Work task: Repeat the data exactly. Pictures stay out.

Input data:
┄┄┄┄┄┄┄┄┄┄

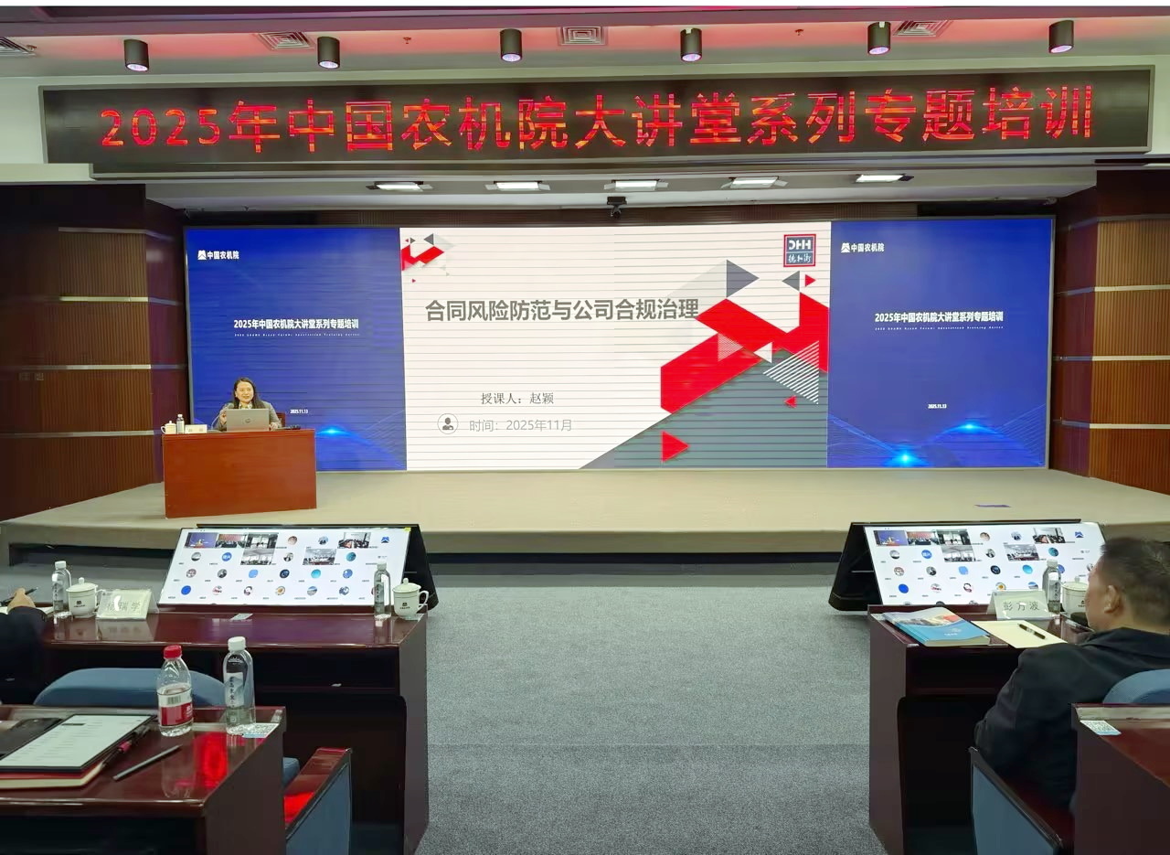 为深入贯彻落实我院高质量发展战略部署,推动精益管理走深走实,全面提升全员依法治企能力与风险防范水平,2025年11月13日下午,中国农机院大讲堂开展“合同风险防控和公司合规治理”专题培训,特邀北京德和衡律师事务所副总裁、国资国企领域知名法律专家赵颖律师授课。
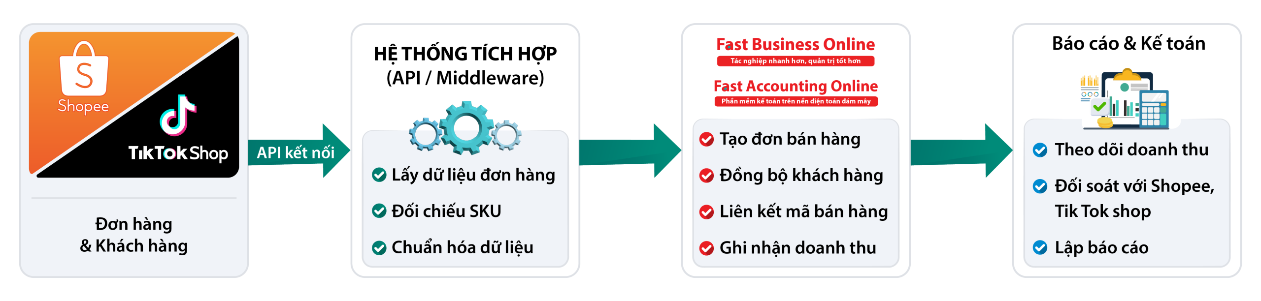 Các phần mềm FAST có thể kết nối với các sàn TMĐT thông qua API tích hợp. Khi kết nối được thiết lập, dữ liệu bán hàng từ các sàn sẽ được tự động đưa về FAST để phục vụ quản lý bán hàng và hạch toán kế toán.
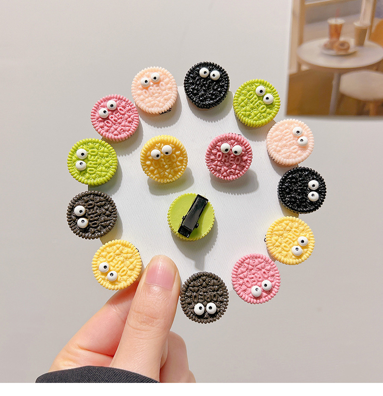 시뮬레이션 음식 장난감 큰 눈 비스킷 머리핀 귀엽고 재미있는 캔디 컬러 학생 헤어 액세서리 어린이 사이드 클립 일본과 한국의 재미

┄┄┄┄┄┄┄┄┄┄

Answer box:
 为深入贯彻落实我院高质量发展战略部署,推动精益管理走深走实,全面提升全员依法治企能力与风险防范水平,2025年11月13日下午,中国农机院大讲堂开展“合同风险防控和公司合规治理”专题培训,特邀北京德和衡律师事务所副总裁、国资国企领域知名法律专家赵颖律师授课。
 Các phần mềm FAST có thể kết nối với các sàn TMĐT thông qua API tích hợp. Khi kết nối được thiết lập, dữ liệu bán hàng từ các sàn sẽ được tự động đưa về FAST để phục vụ quản lý bán hàng và hạch toán kế toán.
 시뮬레이션 음식 장난감 큰 눈 비스킷 머리핀 귀엽고 재미있는 캔디 컬러 학생 헤어 액세서리 어린이 사이드 클립 일본과 한국의 재미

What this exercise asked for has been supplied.